Posted by Peter Turcsanyi <tu...@cloudera.com>.
Hi Jyotsna,

What is your 'decodeErrorPolicy' setting on the spool dir source?
By default it is FAIL, but it must be IGNORE or REPLACE in order to proceed
further when decoding error occurs.

Regrads,
Peter Turcsanyi

On Thu, Jun 21, 2018 at 2:54 PM, Jyotsna G <jy...@gmail.com> wrote:

> Hi All,
> Am currently using Flume 1.7.0.
>
> While processing a set of files, am encountering the below exception and
> Flume hangs unpredictably.
>
> 18/06/21 05:40:40 ERROR source.SpoolDirectorySource: FATAL: Spool
> Directory source src-tpa_idoru: { spoolDir: /tmp/tpa-idoru/ }: Uncaught
> exception in SpoolDirectorySource thread. Restart or reconfigure Flume to
> continue processing.
> java.nio.charset.MalformedInputException: Input length = 1
> at java.nio.charset.CoderResult.throwException(CoderResult.java:281)

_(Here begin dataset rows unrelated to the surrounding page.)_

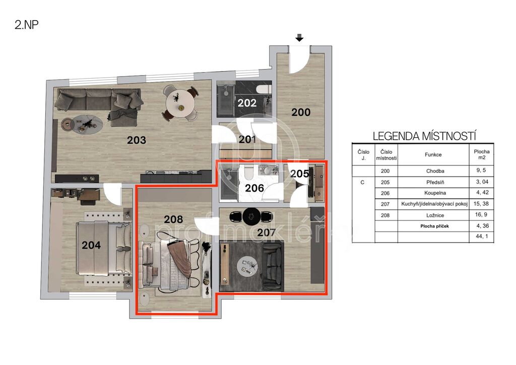 Ve výhradním zastoupení majitele nabízím MODERNÍ BYT 2+kk o podlahové ploše 44,1 m2. Výměra zahrnuje obývací pokoj s kuchyňským koutem, ložnici, předsíň a koupelnu s toaletou. K bytu dále náleží nádherná terasa orientovaná do zahrady, 9,3 m2, ze které je následně přístupná zahrada s výměrou 31,5 m2. Na uložení sezonních věcí poslouží sklad 3m2. U parkovacího stání před domem bude připravena přípojka pro dobíjení elektromobilu patřící výhradně pro tento byt.
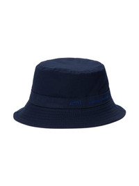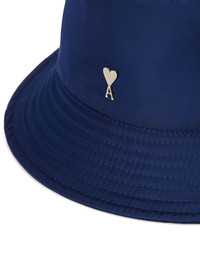 logo-plaque bucket hat Highlights - Navy blue - Cotton blend - Signature ami de coeur monogram motif - Silver-tone logo plaque - Flat crown - Dropped narrow brim Made in Italy Composition Lining: Cotton 100% Outer: Polyamide 96%, Polyurethane 4%
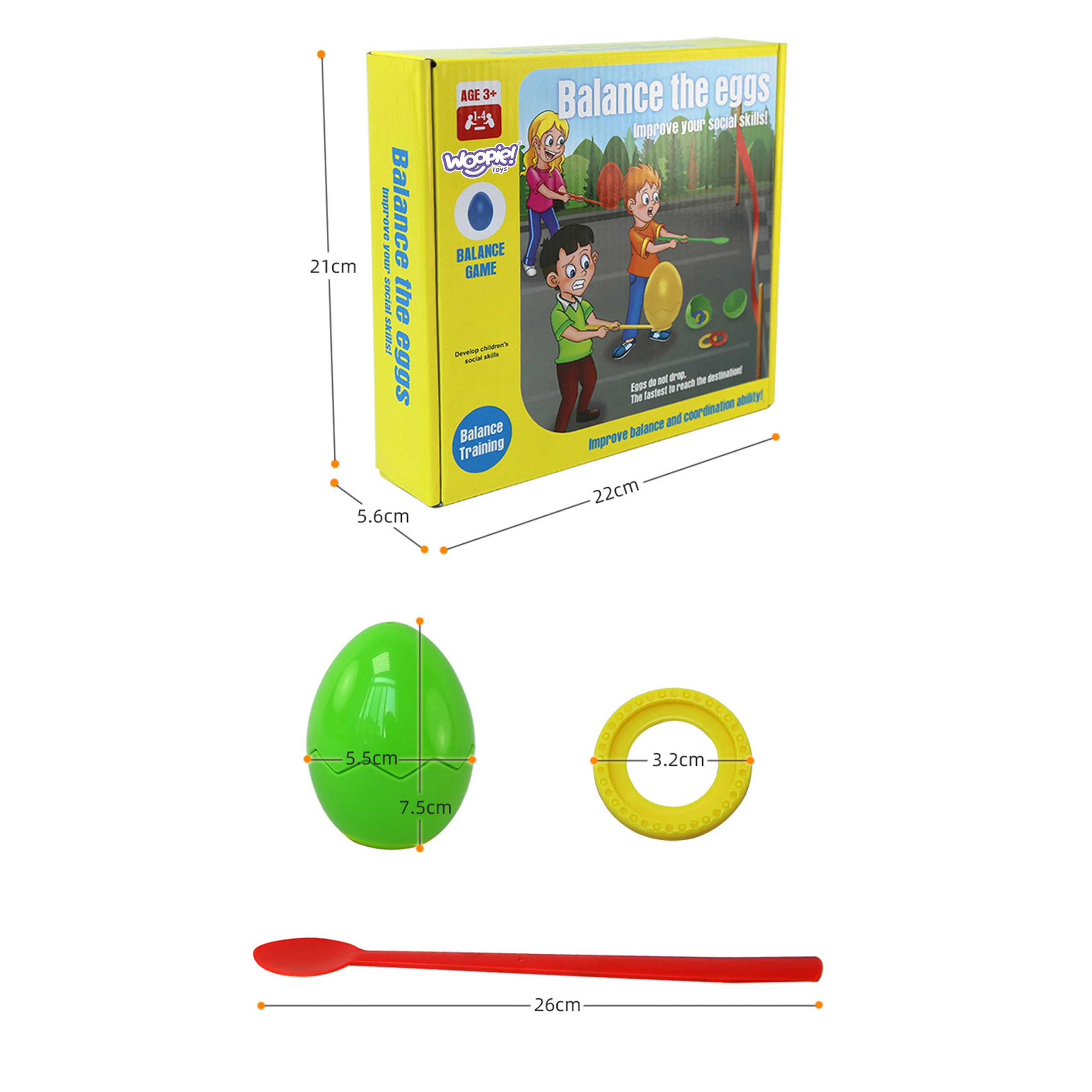 Woopie prasmju spēle Līdzsvarojošās olas ir lielisks veids, kā izklaidēt bērnus gan individuāli, gan grupā. Šī spēle uzlabo kustību koordināciju un lokanību, pateicoties olas turēšanai uz nūjiņas un kustībām ar to.
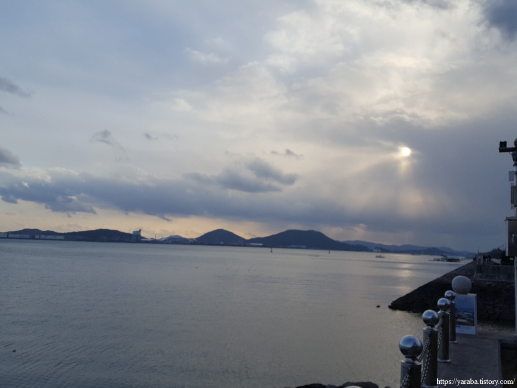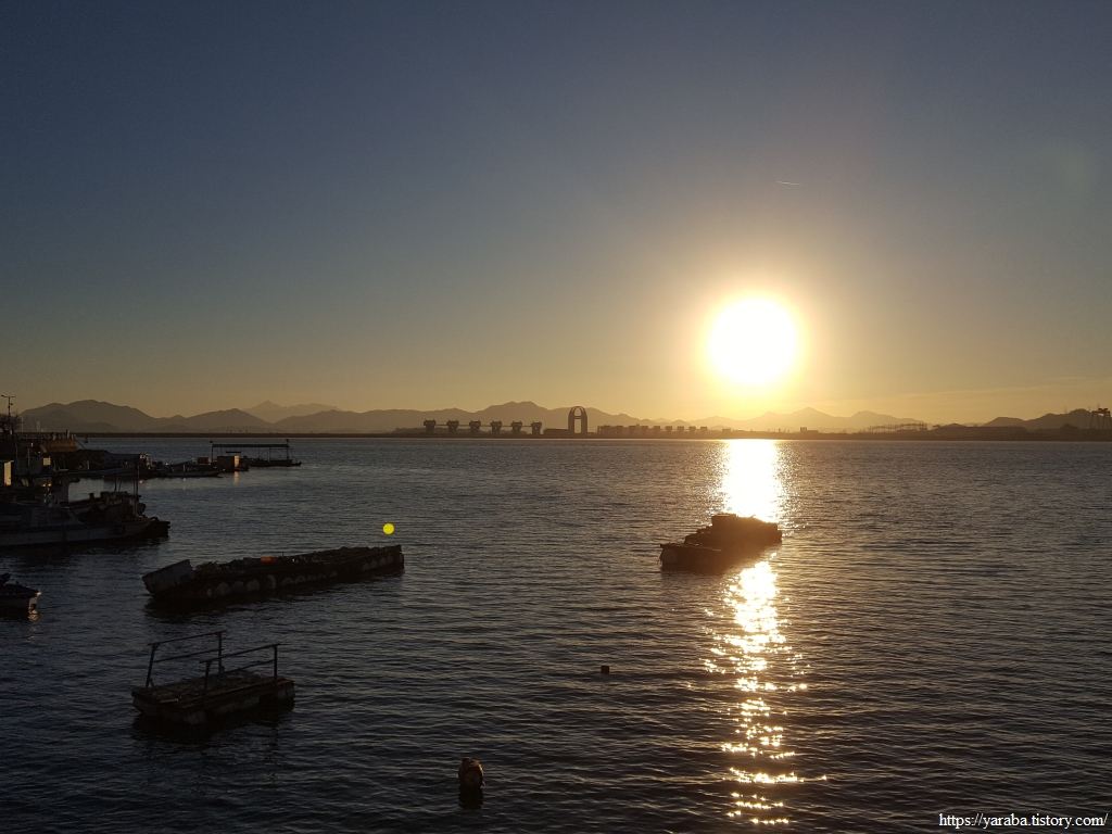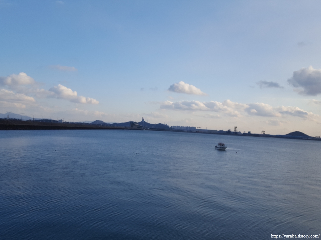 해안으로 나오니 좌측으로는 영산강 하구둑과 넓은 바다가 우리를 맞는다. 서쪽 하늘에는 짙은 먹구름이 다가오며 석양을 가린다.

> at org.apache.flume.serialization.ResettableFileInputStream.readChar(
> ResettableFileInputStream.java:283)
> at org.apache.flume.serialization.LineDeserializer.readLine(
> LineDeserializer.java:132)
> at org.apache.flume.serialization.LineDeserializer.readEvent(
> LineDeserializer.java:70)
> at org.apache.flume.serialization.LineDeserializer.readEvents(
> LineDeserializer.java:89)
> at org.apache.flume.client.avro.ReliableSpoolingFileEventReade
> r.readDeserializerEvents(ReliableSpoolingFileEventReader.java:343)

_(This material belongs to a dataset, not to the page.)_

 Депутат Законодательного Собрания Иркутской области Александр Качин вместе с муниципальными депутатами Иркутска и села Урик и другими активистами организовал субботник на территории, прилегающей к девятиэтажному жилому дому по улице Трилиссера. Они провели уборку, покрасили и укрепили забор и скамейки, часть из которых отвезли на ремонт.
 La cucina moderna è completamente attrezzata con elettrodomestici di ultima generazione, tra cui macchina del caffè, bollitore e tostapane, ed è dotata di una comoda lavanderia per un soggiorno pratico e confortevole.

> at org.apache.flume.client.avro.ReliableSpoolingFileEventReade
> r.readEvents(ReliableSpoolingFileEventReader.java:331)
> at org.apache.flume.source.SpoolDirectorySource$
> SpoolDirectoryRunnable.run(SpoolDirectorySource.java:250)

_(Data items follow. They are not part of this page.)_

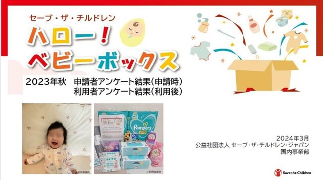 子ども支援の国際NGOである公益社団法人セーブ・ザ・チルドレン・ジャパン(理事長:井田純一郎、本部:東京都千代田区、以下セーブ・ザ・チルドレン)は、誕生時から「健康に、安心、安全な環境で育つ」といった子どもの権利を保障するため、低所得世帯の経済的負担の軽減を目的として、2023年秋に実施した「ハロー!ベビーボックス」の申請世帯及び利用世帯へのアンケート調査結果を発表しました。
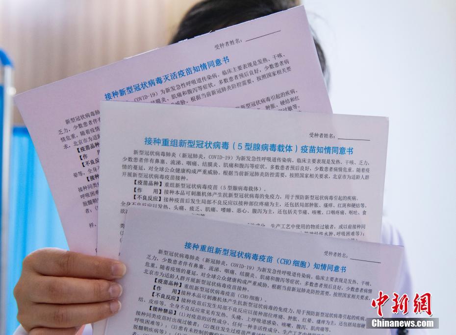 5月28日,北京市海淀区小荷门诊部新冠疫苗接种点内,医护人员展示三种类型新冠疫苗的接种知情同意书。中新社记者 侯宇 摄
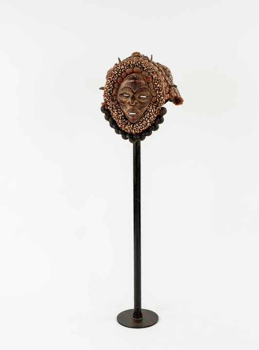20th Century hand carved Dan mask with cowrie shell and raffia headdress on custom table stand.
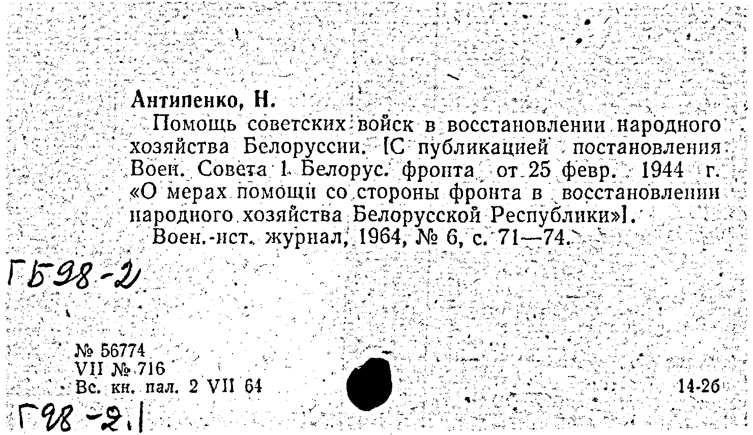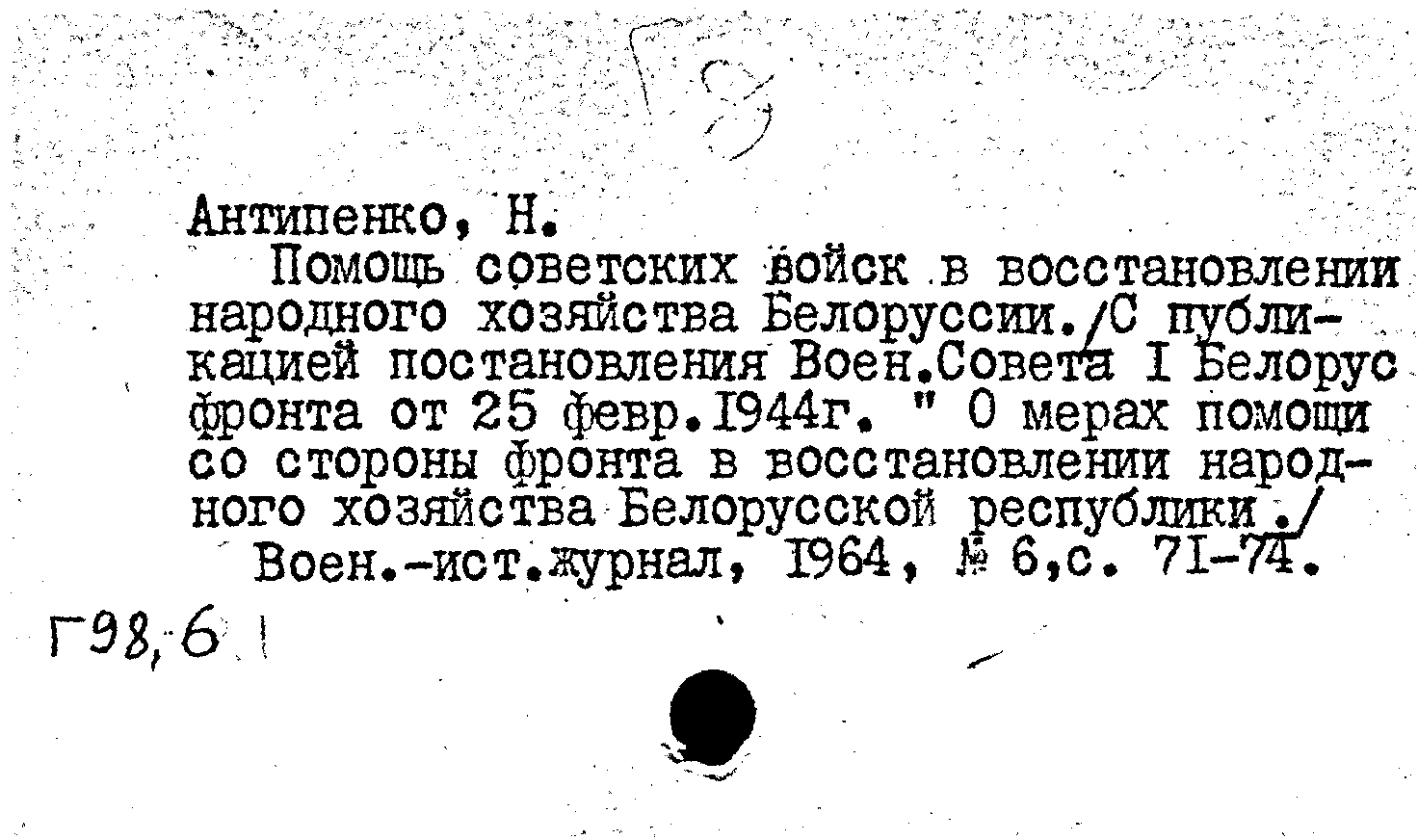 Помощь советских войск в восстановлении народного хозяйства Белоруссии. Военно-исторический журнал, N 6 1964: N 6 1964

> at java.util.concurrent.Executors$RunnableAdapter.call(Executors.java:511)
> at java.util.concurrent.FutureTask.runAndReset(FutureTask.java:308)
> at java.util.concurrent.ScheduledThreadPoolExecutor$
> ScheduledFutureTask.access$301(ScheduledThreadPoolExecutor.java:180)
> at java.util.concurrent.ScheduledThreadPoolExecutor$
> ScheduledFutureTask.run(ScheduledThreadPoolExecutor.java:294)
> at java.util.concurrent.ThreadPoolExecutor.runWorker(
> ThreadPoolExecutor.java:1142)
> at java.util.concurrent.ThreadPoolExecutor$Worker.run(
> ThreadPoolExecutor.java:617)
> at java.lang.Thread.run(Thread.java:745)
>
>
> This issue looks similar to https://jira.apache.org/jira/browse/FLUME-2052
>
> Wouldn't this fix be already included in 1.7? How do I enable flume to
> skip these errors and proceed further?
>
> Thanks,
> Jyotsna
>